(Record set)
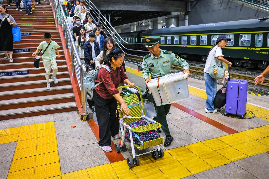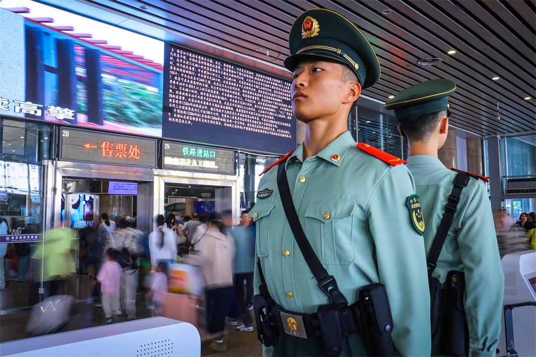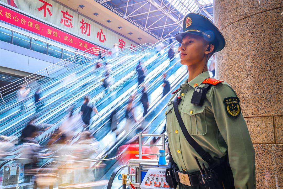國(guó)慶假期最后兩天,北京鐵路交通樞紐迎來雙向返程客流高峰。為保障旅客安全有序出行,武警北京總隊(duì)執(zhí)勤第六支隊(duì)官兵堅(jiān)守執(zhí)勤戰(zhàn)位,與重點(diǎn)站區(qū)管委會(huì)、鐵路公安等部門搭建聯(lián)防聯(lián)控體系,通過實(shí)時(shí)客流監(jiān)測(cè)系統(tǒng)動(dòng)態(tài)調(diào)整勤務(wù)部署,在進(jìn)出站口、安檢區(qū)、候車大廳等關(guān)鍵點(diǎn)位設(shè)置警戒哨,協(xié)助維護(hù)秩序,熱心提供幫助,以實(shí)際行動(dòng)確保旅客平安順利出行。
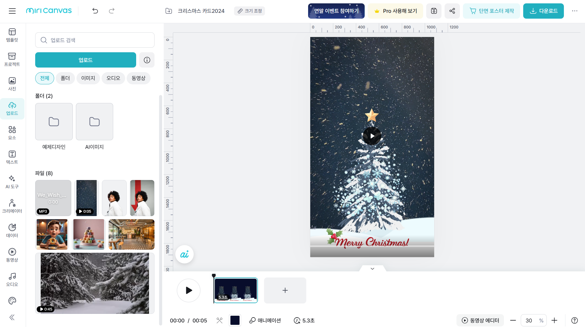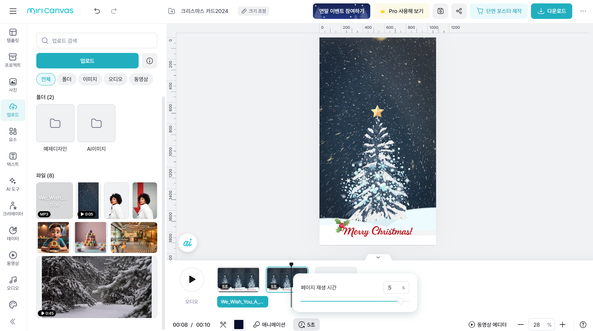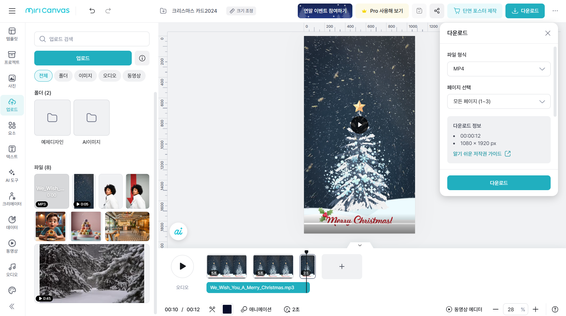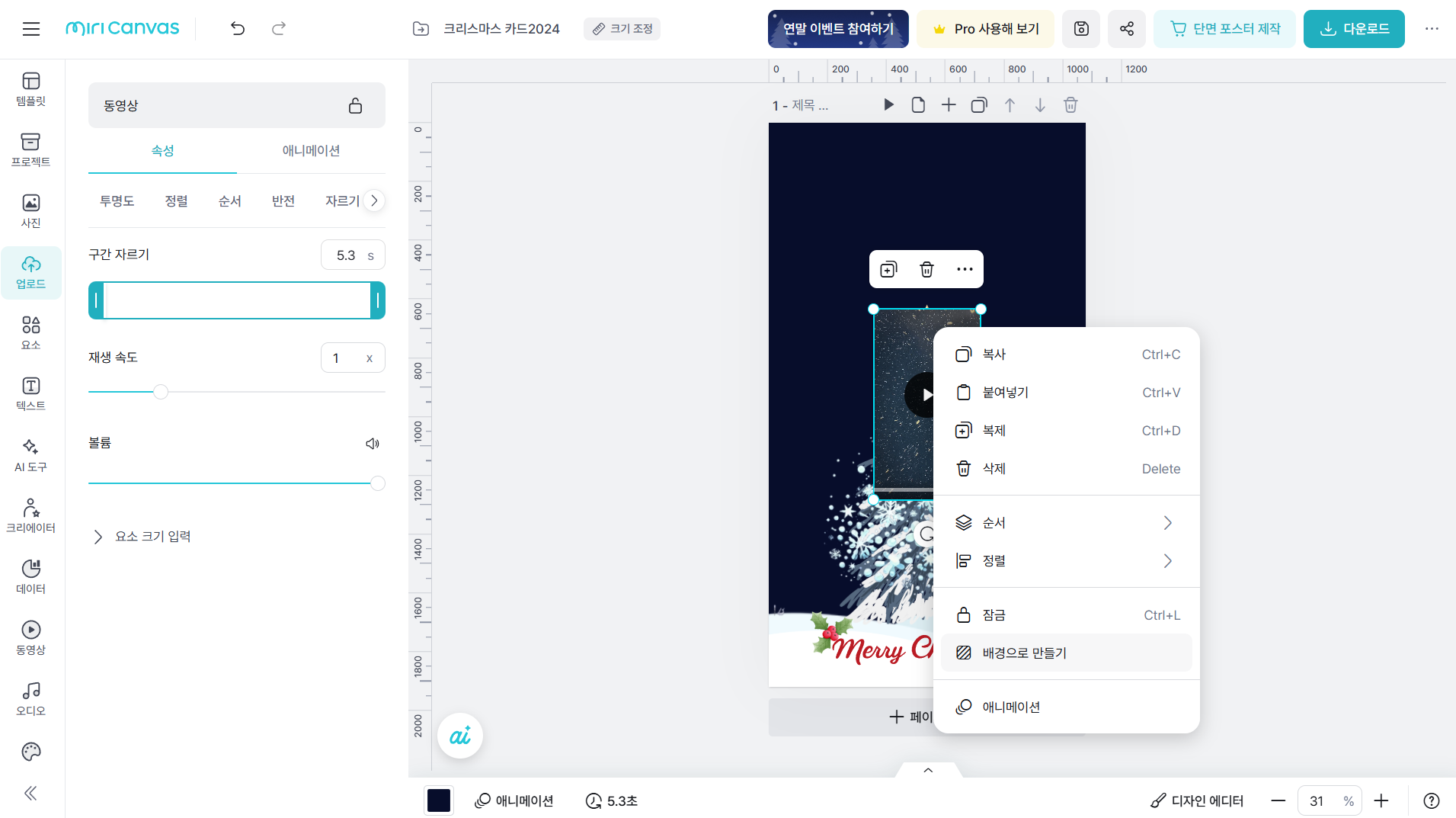 미리캔버스에서 크리스마스 카드 동영상 만들기
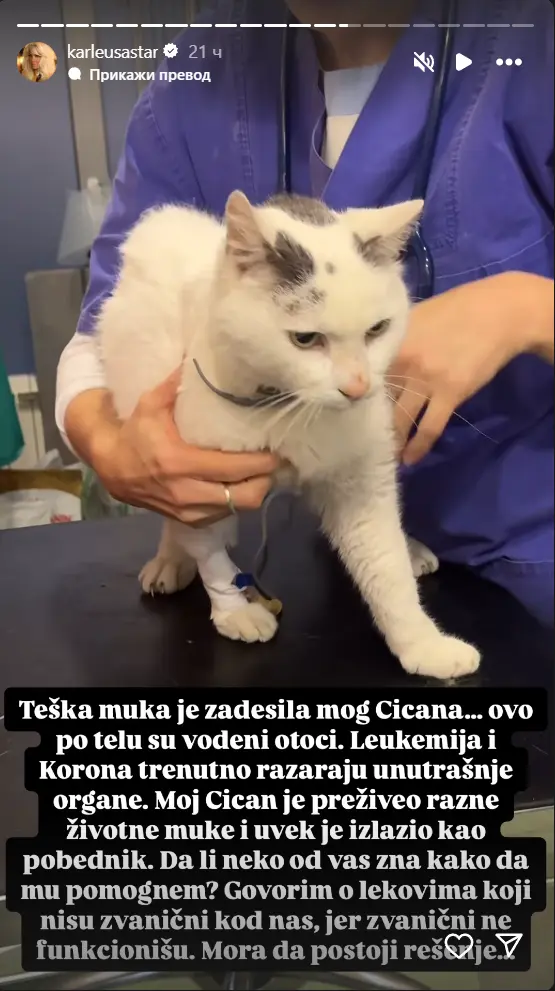Karleuša je javno zatražila pomoć od svojih fanova kako bi pomogla svom mačku koji se bori za život.
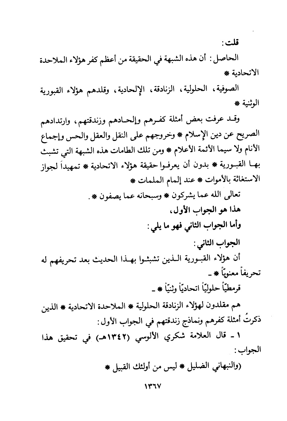الحاصل: أن هذه الشبهة في الحقيقة من أعظم كفر هؤلاء الملاحدة الاتحادية * الصوفية، الحلولية، الزنادقة، الإلحادية، وقلدهم هؤلاء القبورية الوثنية * وقد عرفت بعض أمثلة كفرهم وإلحادهم وزندقتهم، وارتدادهم الصريح عن دين الإسلام * وخروجهم على النقل والعقل والحس وإجماع الأنام، ولا سيما الأئمة الأعلام *.
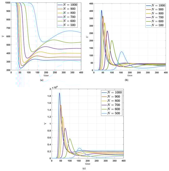 In Figure 5, based on the Adams-Bashforth method, we see the numerical trajectories of three state functions by varying the average number of infected particles N for the values under the fractal-fractional order . Thus, in Figure 5a, it shows that the susceptible T-cells increase as the average number of infected particles by an existing infected cell reduces by , and that of the peak of the amount of infectious T-cells and the free particles of the infection of the HIV-1 virus in the blood decrease, respectively in Figure 5b,c.
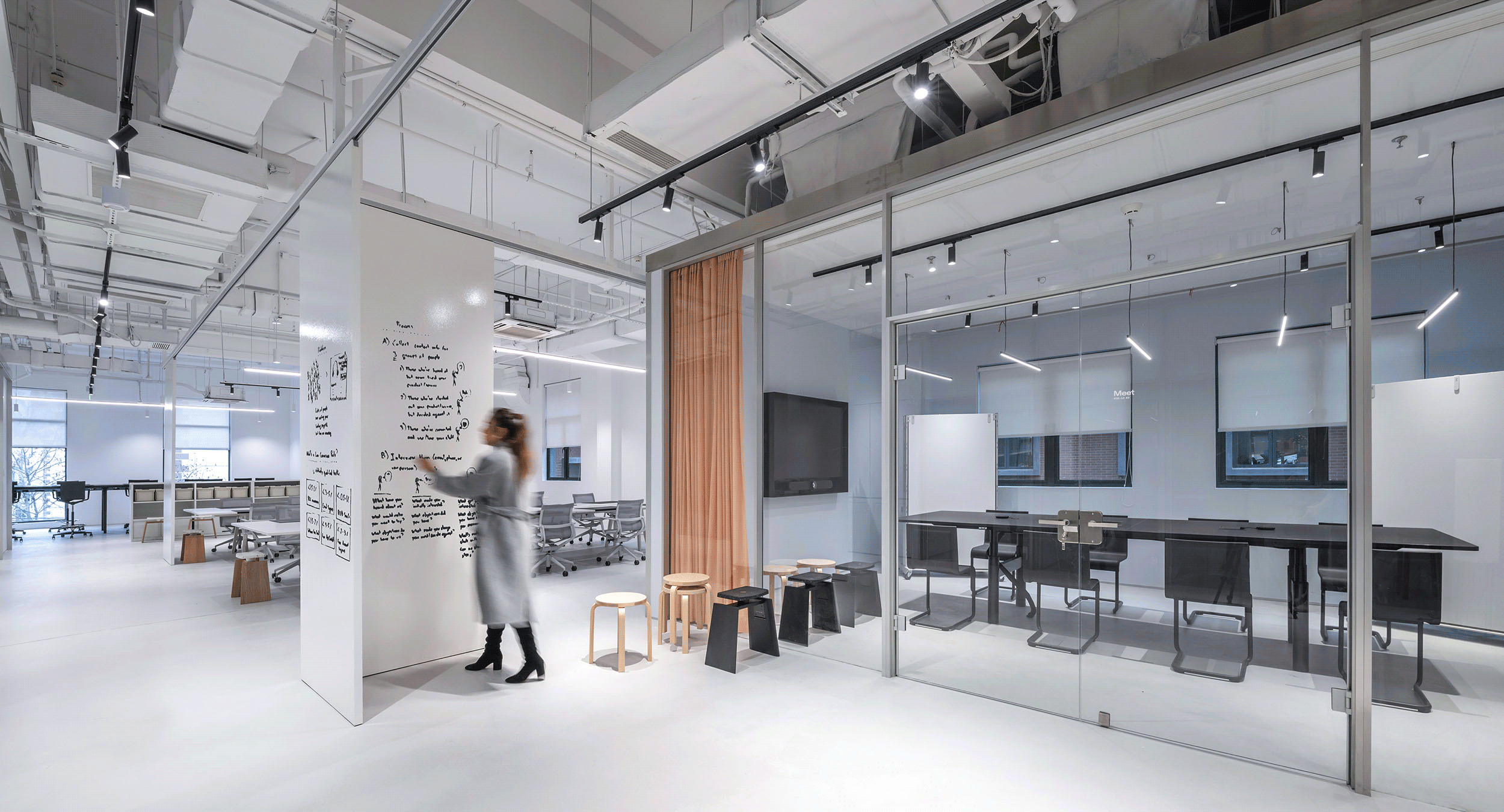 创意空间通过一套可移动的白板装置,极大提升了灵活性。这些白板贯穿整个办公场所,可根据需要重新布局,使员工能在任何地点进行头脑风暴和会议记录,它们还能灵活打造出私密或开放的办公空间。这样的设计让办公环境得以迅速适应多样的工作需求,实现空间的动态调整和个性化配置。
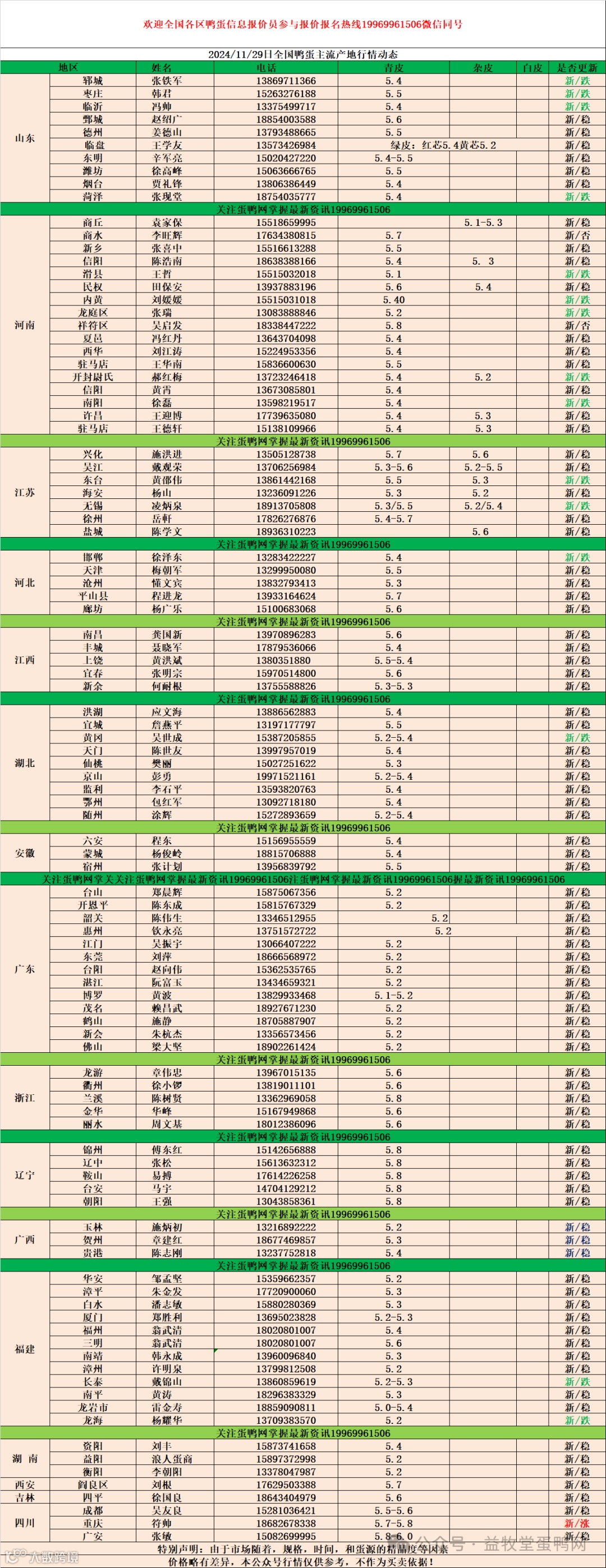 11月29日:开产至10个头4.0元,10个至9个头4.5元,9个头至8个头5.0
(End Record set)
Output the material above exactly, without pictures.

Response area
國(guó)慶假期最后兩天,北京鐵路交通樞紐迎來雙向返程客流高峰。為保障旅客安全有序出行,武警北京總隊(duì)執(zhí)勤第六支隊(duì)官兵堅(jiān)守執(zhí)勤戰(zhàn)位,與重點(diǎn)站區(qū)管委會(huì)、鐵路公安等部門搭建聯(lián)防聯(lián)控體系,通過實(shí)時(shí)客流監(jiān)測(cè)系統(tǒng)動(dòng)態(tài)調(diào)整勤務(wù)部署,在進(jìn)出站口、安檢區(qū)、候車大廳等關(guān)鍵點(diǎn)位設(shè)置警戒哨,協(xié)助維護(hù)秩序,熱心提供幫助,以實(shí)際行動(dòng)確保旅客平安順利出行。
 미리캔버스에서 크리스마스 카드 동영상 만들기
Karleuša je javno zatražila pomoć od svojih fanova kako bi pomogla svom mačku koji se bori za život.
الحاصل: أن هذه الشبهة في الحقيقة من أعظم كفر هؤلاء الملاحدة الاتحادية * الصوفية، الحلولية، الزنادقة، الإلحادية، وقلدهم هؤلاء القبورية الوثنية * وقد عرفت بعض أمثلة كفرهم وإلحادهم وزندقتهم، وارتدادهم الصريح عن دين الإسلام * وخروجهم على النقل والعقل والحس وإجماع الأنام، ولا سيما الأئمة الأعلام *.
 In Figure 5, based on the Adams-Bashforth method, we see the numerical trajectories of three state functions by varying the average number of infected particles N for the values under the fractal-fractional order . Thus, in Figure 5a, it shows that the susceptible T-cells increase as the average number of infected particles by an existing infected cell reduces by , and that of the peak of the amount of infectious T-cells and the free particles of the infection of the HIV-1 virus in the blood decrease, respectively in Figure 5b,c.
 创意空间通过一套可移动的白板装置,极大提升了灵活性。这些白板贯穿整个办公场所,可根据需要重新布局,使员工能在任何地点进行头脑风暴和会议记录,它们还能灵活打造出私密或开放的办公空间。这样的设计让办公环境得以迅速适应多样的工作需求,实现空间的动态调整和个性化配置。
 11月29日:开产至10个头4.0元,10个至9个头4.5元,9个头至8个头5.0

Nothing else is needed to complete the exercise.